Your observations look pretty correct to me.
Before going into detail, please be reminded that this is a [ultra] long range aircraft. Aircraft configuration is fully optimized for long range cruise flight.
Furthermore be reminded that "tipped forward", "tipped downward", "tipped upward" are all relative terms. When the aircraft is in cruise, most likely the fuselage will have a couple of degrees incidence [typically 2-5 for commercial airliners] where the fuselage will generate a small amount of lift as well.
Usually the landing gear of an aircraft will be set up in such a way to position the fuselage a little nose down when the aircraft is on the ground. This reduces the angle of attack of the wing during take-off roll, thus reducing drag as speed increases upto the point of rotation, thereby reducing the length of the take-off roll. Drag is a byproduct of lift. So during the take-off roll you really want to reduce lift and thus drag.
Generally the engine nacelles [at least the inlet portion of them] will be angled to allow the airflow to enter the inlet in a straight line along the axis of the fan, to optimize inlet airflow. Now it's important to bear in mind that the inboard section of the wing generates more lift than the outboard part of the wing. As a result of the generation of lift, the air approching the wing will experiance an up-wash. That upwash is greater at the inner engine pair than at the outer engine pair. To cope with this upwash [in cruise flight] and have the air enter the inlet in a nice straight and level manner, the inner engine pair is "tilted downward". The upwash in front of the outer engine pair is much smaller, therefore they are angled differently in relation to the inner pair ["tipped upward"].

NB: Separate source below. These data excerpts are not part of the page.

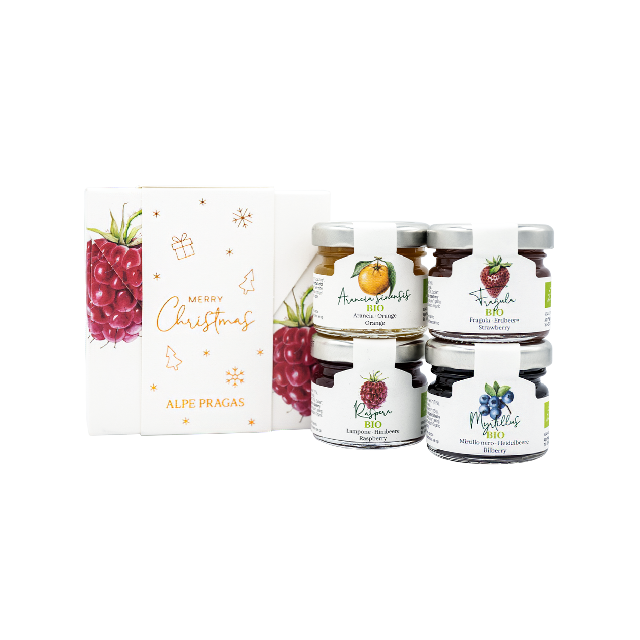 Cartone regalo natale con 4 composte di frutta biologiche 30g
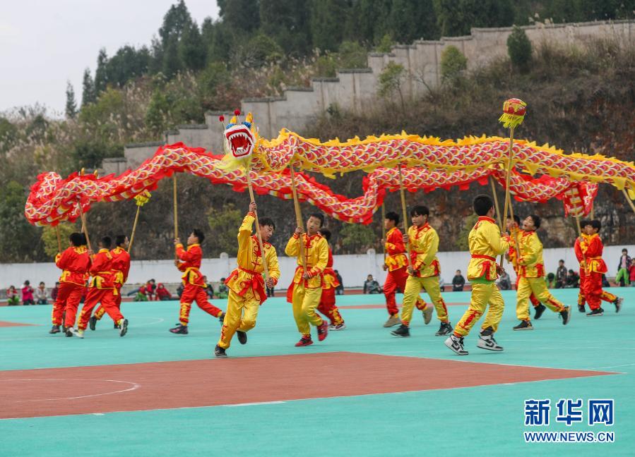 12月25日,在玉屏侗族自治縣朱家場(chǎng)鎮(zhèn)興隆小學(xué),學(xué)生們表演舞龍。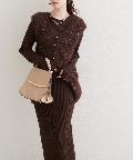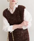 ベストは、繊細なラメが上品に煌めくフェザーニット。ふわふわとした素材感が、女性らしさを引き立てます。

This also applies to lateral offset of the inner engines. If you would look at a top view, you'll notice that engines [especially those close to the fuselage, like 767/777] are a little towed in, to cope with the air that is beign forced sideways outboard by the fuselage. On rear fuselage engines you'll see that the engines ar towed out, since the fuselage shape curves the airstream back to the fuselage centreline due to the narrowing of the fuselage at the rear of the aircraft.
This "tipping" has nothing to do with wing bending moment. Only the weight of the engine [and fuel load off course among others] will significantly affect wing bending moment. Imagine that you tilt the engine downward in order to reduce wing bending moment. Now when the engine is thrusting downward, it will eat up part of the lift that is being generated by the wing. Therefore the wing now needs to generate even more lift to balance out the 'negative lift' being produced by the downward thrusting engines!! This doesn't make sense at all in terms off alleviating wing bending moment.
Wing tilting when loaded is an interesting concept. Although I doubt that a wing will tilt sufficiently to align the inner and outer engine pair.